Arijit H. Sen
During the fellowship I worked towards producing publications from my research on the history of South Asian cultural landscapes in the United States. This research explores the social construction of immigrant landscapes, specifically how past knowing is enacted and reproduced in the built environment. I concentrated on writing about a Hindu temple in San Francisco. The architecture of the building was part of a racially-inflected argument, already popular among German Orientalist scholars who argued that Hindus were autochthonous descendents of a branch of the Aryan race. By adapting this problematic construction of the past, the Society members in America sought to legitimize their presence in an Anglo and Christian society.
I revised and edited one chapter for my book manuscript titled “Mobile Bodies, Transgressing Selves.” I wrote and submitted two conference papers and one book chapter. I submitted twelve grant proposals and received four grants to continue working on the book manuscript during 2008-09. I will be working with the University of Minnesota Press editors during fall 2008 to edit my manuscript.
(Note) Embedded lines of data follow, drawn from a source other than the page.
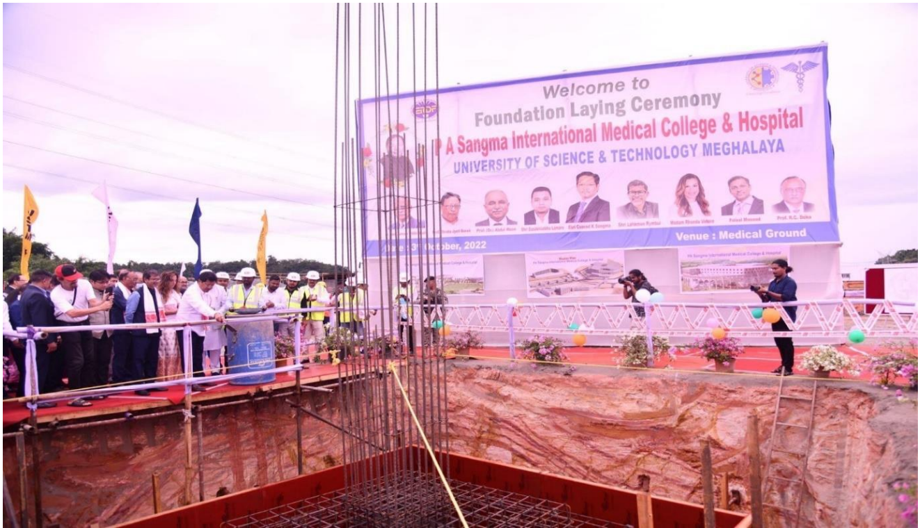
Foundation Laying Ceremony of PA Sangma International Medical College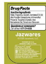
Page 3 (Inside Cover)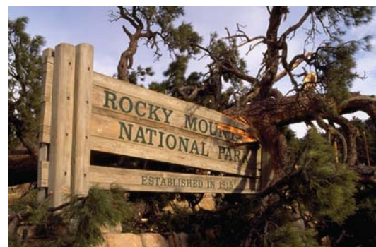
The damage to this sign on Hwy 36 is one example of how wind can impact human activities in the park.

Wind is one of the most significant environmental factors influencing plants, animals, fire, and air quality. Strong and erratic winds, characteristic of alpine and subalpine ecosystems, also affect the comfort and safety of visitors. Understanding the characteristics of wind in the park may provide valuable information to visitors or even enable the early morning prediction of severe afternoon storms. Additionally at the time this project was undertaken (1980), the park was interested in assessing the feasibility of using wind turbines to produce electricity at facilities such as the Alpine Visitor Center.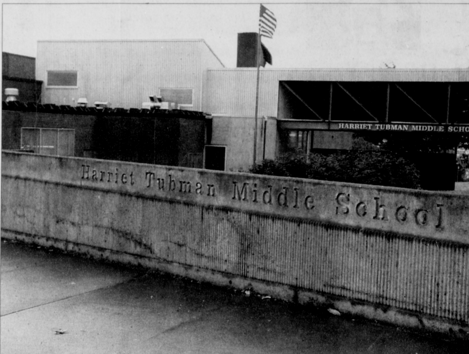
Violence reached the schoolyard of Harriet Tubman Middle School in north Portland Dec. 16 when gunfire erupted as school was being let out.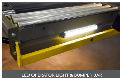
LED OPERATOR LIGHT & BUMPER BAR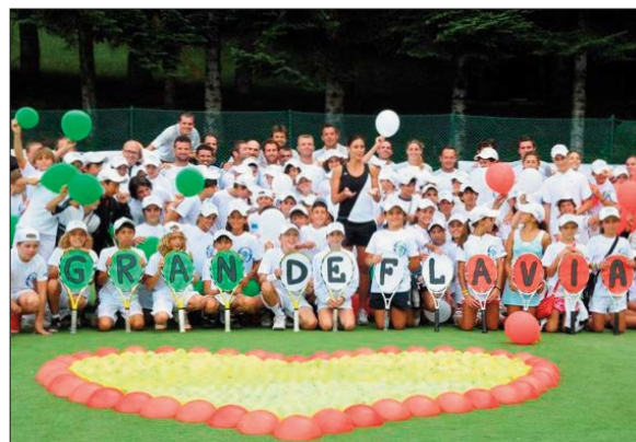
Flavia Pennetta visits the 2010 Summer Centre in Sestola.

Families can choose between the most conveniently located of the nine centers, and the dates ranging from mid-June and the beginning of August. The tennis activities designed by our National coaches, the presence of qualified instructors to coach the other sports and the full-time presence of a Health and First Aid team, are all high guarantees of reliability to par-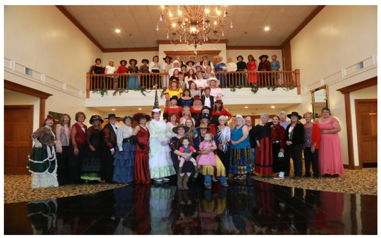
Service Men and Women—Range War 2017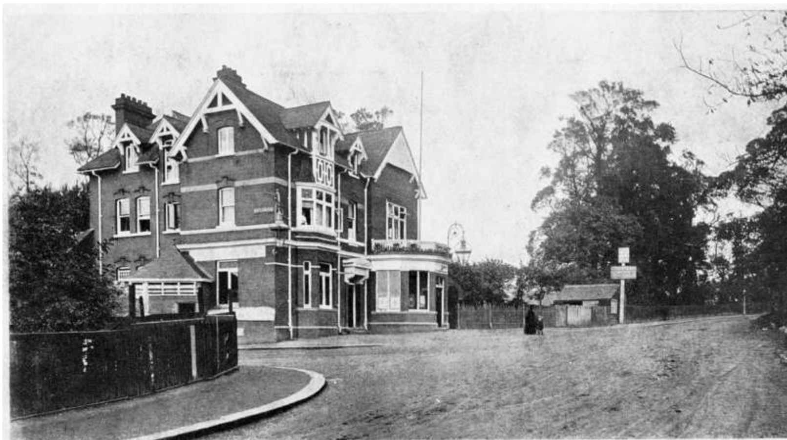
Ye Olde Spotted Dog, Neasden.

Image 20. 151 Neasden Lane, c. 1900s. The Old Spotted Dog pub. Location Ref NDH10. BMA Ref 1244. This image is for personal use only.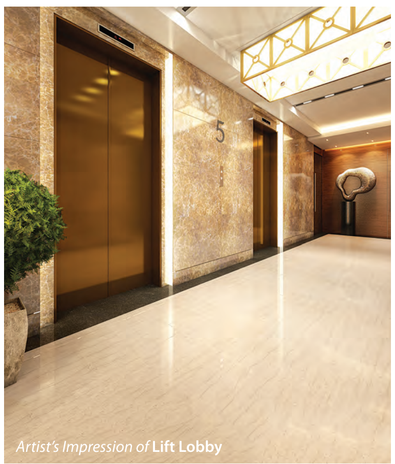
Artist's Impression of Lift Lobby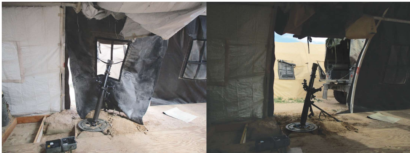
Figure 18. British 81mm Mortar fire capable from inside of tent (2-19).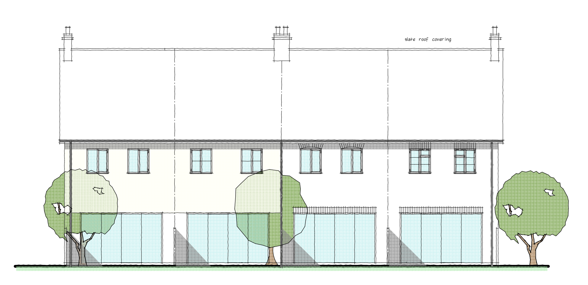
PROPOSED HOUSE TYPE PLOTS 1-4 REAR GARDEN ASPECT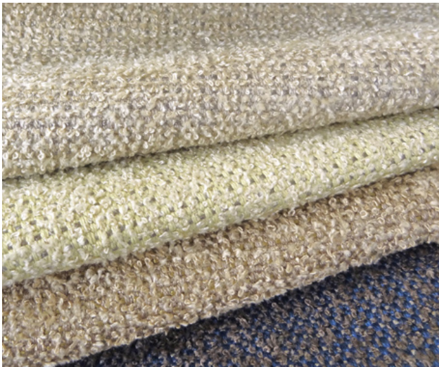
Dune | Moss | Cashew | North Sea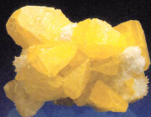
Sulfur Maybee, Michigan

During my tenure at the Center, I began two new research projects on immigrant cultural landscapes (Devon Avenue in Chicago, the Lower East Side in New York) and successfully proposed a book project to the Vernacular Architecture Forum for their series, Perspectives on Vernacular Architecture. This book examines the South Asian retail landscape on Chicago’s Devon Avenue.
As part of my ongoing engagement with collaborative teaching and curricular planning, I also organized a symposium to inaugurate a new doctoral initiative between UWM and Madison called Buildings-Landscapes-Cultures. The symposium, funded by the Chipstone Foundation, included nine leading international scholars in the field.
“Global Culture in Local Economies: Role of Regional and Local Economies in the Growth of Fast Food Restaurants,” in panel titled “Localization: Particularity in the Face of Globalization.” 2008 Annual ACSA Conference, Houston, March 26-31, 2008.
Center Fellow Presentation, University of Wisconsin-Milwaukee, October 2007.
Articles Submitted and Accepted
Book Review for Architecture as Signs and Systems for a Mannerist Time, Robert Venturi and Denise Scott Brown, Cambridge, MA: Belknap Press, 2004. In Material Culture 40 (Fall 2008)
“World Making: Peoplehood and the Construction of the Indian Nation in Diaspora,” book chapter submitted (and under consideration) for the conference volume for the New Directions in International Studies, Patrice Petro (editor) from the Rutgers University Press series.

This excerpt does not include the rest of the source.